La Russia mirava a mantenere, sia dalla disgregazione dell'URSS, un deciso controllo dello spazio post sovietico come testimoniano le numerose organizzazioni regionali promosse, come la Comunità degli stati indipendenti (CSI) e la Comunità Economica Euroasiatica (CEE).117

Tuttavia, non riuscì a svilupparle come avrebbe voluto a causa della riluttanza degli attori coinvolti a cedere parte della loro sovranità, oltre che del diverso livello di sviluppo degli stati della regione. L'enorme vantaggio della Russia rispetto all'Unione Europea consisteva nel fatto che essa aveva un consistente soft power per far valere i propri interessi. In che modo? Attraverso una concentrazione strategica di investimenti in settori vitali per i paesi in questione, ovvero le infrastrutture per il trasporto del gas.

La Russia infatti era disposta a concedere benefici economici e investimenti senza richiedere in cambio assolutamente nulla, mentre l'Unione Europea subordinava gli aiuti a riforme in campo politico ed economico e questo comportava un impegno non trascurabile per le giovani Repubbliche dell'Europa Orientale e del Caucaso. Oltre al soft power Mosca si mostrava disposta anche ad intervenire militarmente nei territori degli Stati dello spazio in questione, come nel caso del conflitto in Georgia, qualora fossero messi in pericolo i suoi interessi.
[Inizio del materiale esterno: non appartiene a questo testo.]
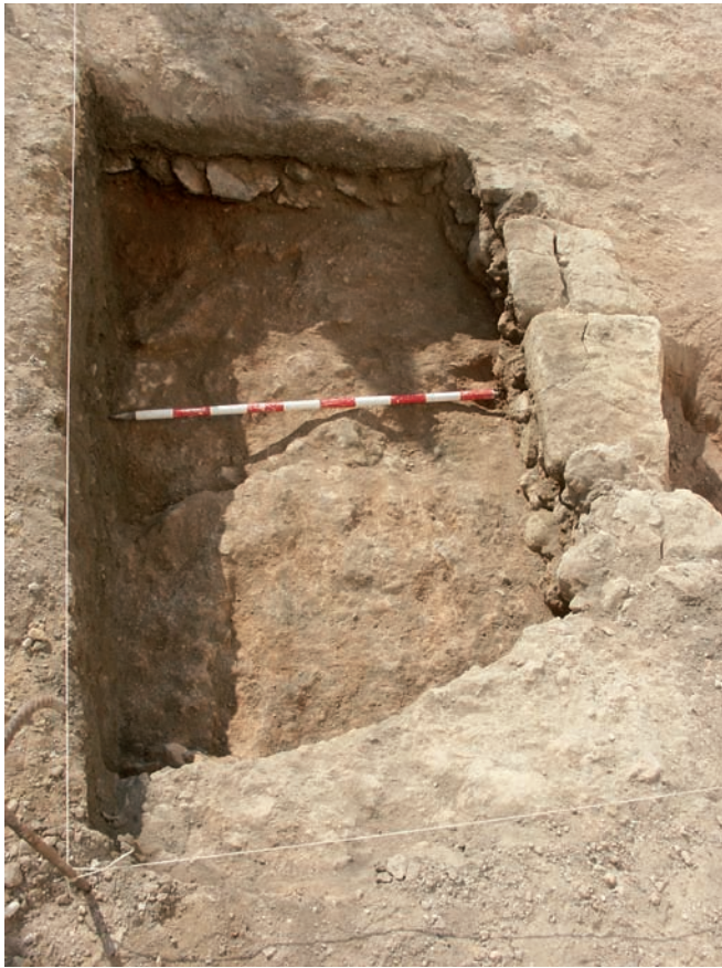
Lámina II. Fosa islámica.

Esta situación podemos relacionarla con la alteración sufrida con la construcción de la vivienda del siglo XIX, que llega hasta la base geológica, quedando niveles residuales como el documentado en lo que parece ser el cauce de un pequeño arroyo (UE 12).

Si aggiungeva dunque un hard power, legittimato nell'Ottobre 2009 dal parlamento russo, con la votazione di una legge che concedeva al Cremlino la possibilità di usare la forza nel caso in cui un paese considerato di interesse strategico richiedesse l'assistenza militare sul proprio territorio, oltre alla possibilità di schierare l'esercito qualora fosse considerata in pericolo una minoranza russa fuori dai confini della Federazione.

116 M. Zola, Unione Europea: aperto il corridoio sud, dall'Azerbaijan a Bruxelles, 28 Gennaio 2011, articolo pubblicato su East Journal.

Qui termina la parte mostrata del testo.